Zagłady dinozaurów nie był winien duży meteoryt - ustalili rosyjscy naukowcy, którzy prowadzili badanie zachowania pola magnetycznego Ziemi. Twierdzą oni, że to właśnie pole magnetyczne Ziemi było przyczyną niejednokrotnych masowych wymieraniach żywych istot w historii planety.

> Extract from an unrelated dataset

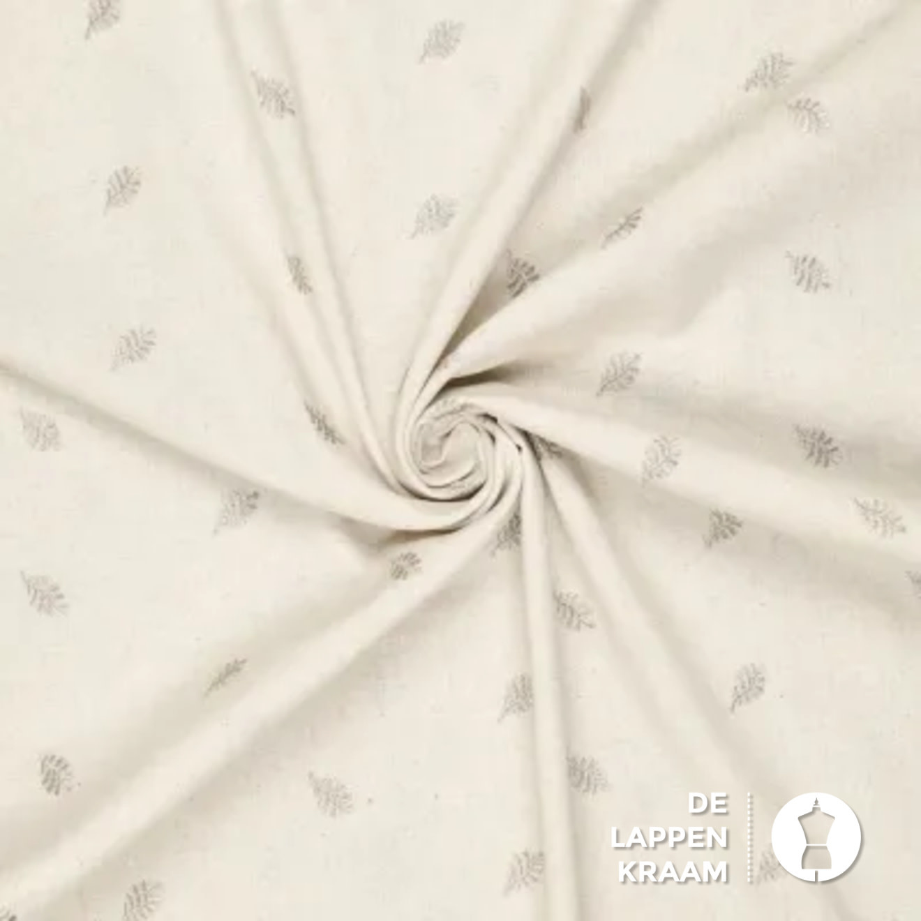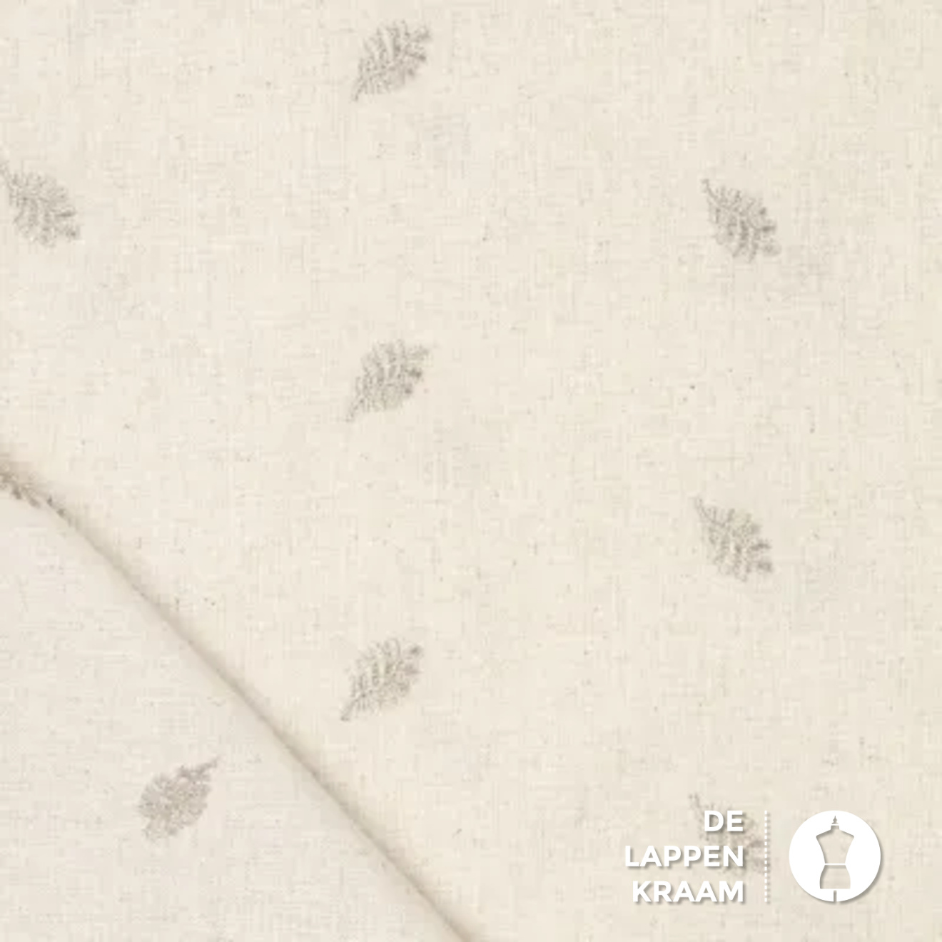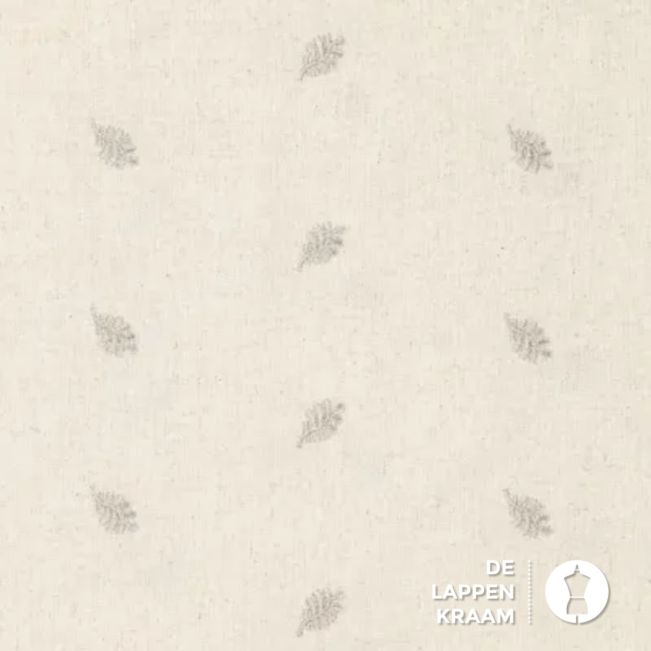 Geborduurde Linnenmix stof naturel met blaadjes

W terminologii naukowej superchronem nazywa się odstęp czasu, w którym orientacja pola geomagnetycznego planety nie zmienia się - nie przechodzi inwersji czyli zmiany biegunów ziemskich. Według Pawłowa, jest to jedno z najbardziej znamiennych i zagadkowych zjawisk pola geomagnetycznego. "Prawidłowości w zmianie biegunów nie ma. Zdarza się, że w ciągu miliona lat bieguny zmieniają się 5-6 razy, a bywa też tak, że na dziesiątki milionów lat zastygają w jednym z dwóch możliwych stanów stacjonarnych" - stwierdził naukowiec.

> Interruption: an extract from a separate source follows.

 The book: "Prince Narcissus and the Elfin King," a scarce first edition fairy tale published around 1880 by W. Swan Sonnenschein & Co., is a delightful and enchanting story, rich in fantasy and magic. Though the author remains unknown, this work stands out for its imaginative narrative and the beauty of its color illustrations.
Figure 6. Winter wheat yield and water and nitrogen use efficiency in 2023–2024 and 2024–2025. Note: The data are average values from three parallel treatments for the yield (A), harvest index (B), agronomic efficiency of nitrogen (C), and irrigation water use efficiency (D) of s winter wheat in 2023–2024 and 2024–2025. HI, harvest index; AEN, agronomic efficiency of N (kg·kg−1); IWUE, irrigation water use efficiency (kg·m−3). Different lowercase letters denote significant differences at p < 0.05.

Takich superchronów w historii planety odkryto dotychczas trzy. Po zakończeniu każdego z nich - jak wykazują dane paleontologii - na Ziemi zdarzała się masowa tragedia. Np. w trakcie tzw. "katastrofy permskiej" wymarło, według różnych danych, od 75 do 90 proc. gatunków istot żywych.

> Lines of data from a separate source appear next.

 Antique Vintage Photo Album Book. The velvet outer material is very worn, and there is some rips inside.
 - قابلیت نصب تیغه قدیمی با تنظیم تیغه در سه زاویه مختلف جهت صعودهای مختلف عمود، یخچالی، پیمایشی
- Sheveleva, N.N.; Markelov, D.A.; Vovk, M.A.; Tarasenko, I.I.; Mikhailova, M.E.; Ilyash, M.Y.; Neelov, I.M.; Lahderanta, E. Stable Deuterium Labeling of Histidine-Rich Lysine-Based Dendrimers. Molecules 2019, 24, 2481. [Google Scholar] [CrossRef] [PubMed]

W naszych czasach - podkreślił Pawłow - nasza planeta znajduje się w okresie stałego pola magnetycznego. Okres ten trwa już 780 tys. lat. Naukowiec zaznaczył, że ustalono "określoną częstotliwość superchronów - występują one co 150-170 mln lat". Tak więc, kolejnego masowego wymierania istot żywych można się nie obawiać w ciągu najbliższych 80-100 milionów lat. (PAP)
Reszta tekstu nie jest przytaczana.